At any rate, the culprits cite these two papers that look quite good, and the second is the lead in to a whole special issue on cumulative science from Psychological Methods in 2009.
Frank Schmidt (1996) “Statistical significance testing and cumulative knowledge in psychology: Implications for traning of researchers”
(Ha! Hosted by Mayo – I hope she’s already pointed you to it)
Patrick Curran (2009) “The seemingly quixotic pursuit of a cumulative psychological science”
In addition, I’d point you to Allen Newell’s work in his paper “You can’t play 20 questions against nature and win” from 1973 and his book _Unified Theories of Cognition_ from 1990 where he revisits and reiterates the idea. Here’s a link to the 1973 paper:
The 20 questions paper is a summing up from a colloquium and heavily references the papers presented with little re-presentation of them, but I think the larger point stands on its own. Also, you may be familiar with the Chase & Simon paper being discussed, as it studied chunking and other phenomena in the memory of chess experts, both taking deGroot’s work further and showing that using larger chunks of related pieces accounts for a lot of the memory advantage that expert players have for board positions.
A comment on the enterprise of surveying this intellectual history. We can find papers like Schmidt and Curran that approvingly cite Meehl and note that the criticisms still stand. We can find others like Newell making similar points but not citing Meehl (or being cited by Schmidt or Curran). We might be able to find papers pushing back against Meehl and also look at how much they get cited. But it seems likely that we can’t find the many psychologists who are unaware of Meehl’s criticism or do not think it is relevant to their own work and so don’t bother commenting on it. And I suspect that’s where the real problem lies.
One conjecture I have is that the root of the problem is that exploratory analysis is something people spend more time working on, thinking about and reading about than confirmatory data analysis, for example:
I actually think the graph in that last link is misleading, as it is my impression that the expression “confirmatory data analysis” is a backformation that exists only in reference to “exploratory data analysis.” So it makes sense that people mostly won’t be talking about confirmatory data analysis, even when they’re doing it. They’ll just talk about hypothesis testing or whatever. For more on this, see my 2010 discussion of exploratory and confirmatory data analysis. And here’s my recent discussion of Meehl.

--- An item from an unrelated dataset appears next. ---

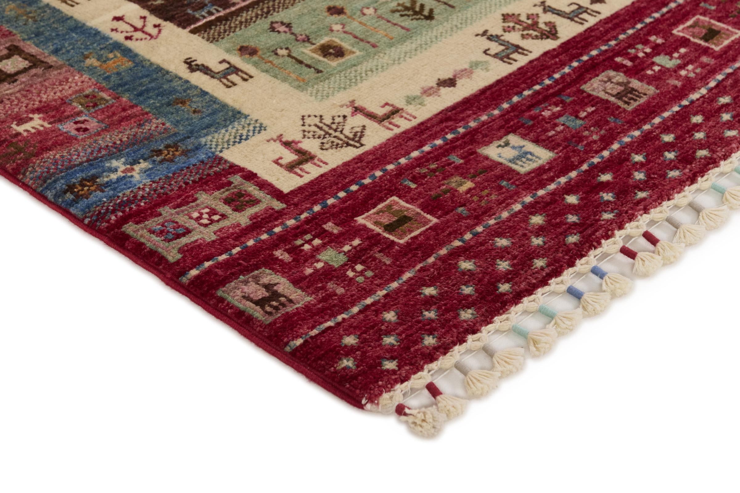 Esta alfombra está hecha de lana de oveja hilada a mano de la más alta calidad. Especialmente en Irán (antigua Persia), la lana de Afganistán y Pakistán sigue siendo hilada a mano antes de que comience el anudado de la alfombra. La lana ha demostrado ser un material natural y extremadamente resistente a lo largo de los siglos. Entre otras cosas, tiene propiedades repelentes de la suciedad y aislantes del calor. Al mismo tiempo, la lana es incomparablemente suave y tiene un brillo natural.

This combines with a change in the standards of what constitutes a publishable unit to allow publication of what were previously regarded as partial, preliminary results. (I’ve seen this assertion made but don’t know where, and finding a source has been hard.) It’s not necessarily a bad thing to allow some scientists to specialize in EDA or to allow them to publish an EDA of potential importance and decide they would rather pursue something else themselves. But it becomes a problem when the rewards – both extrinsic and intrinsic – are tilted so far towards the EDA, and doing just the EDA becomes so common that everyone seems to forget that the pre-registered confirmation is a crucial piece of the knowledge discovery process, not just something you ignore until you get all the way to evaluating real world interventions.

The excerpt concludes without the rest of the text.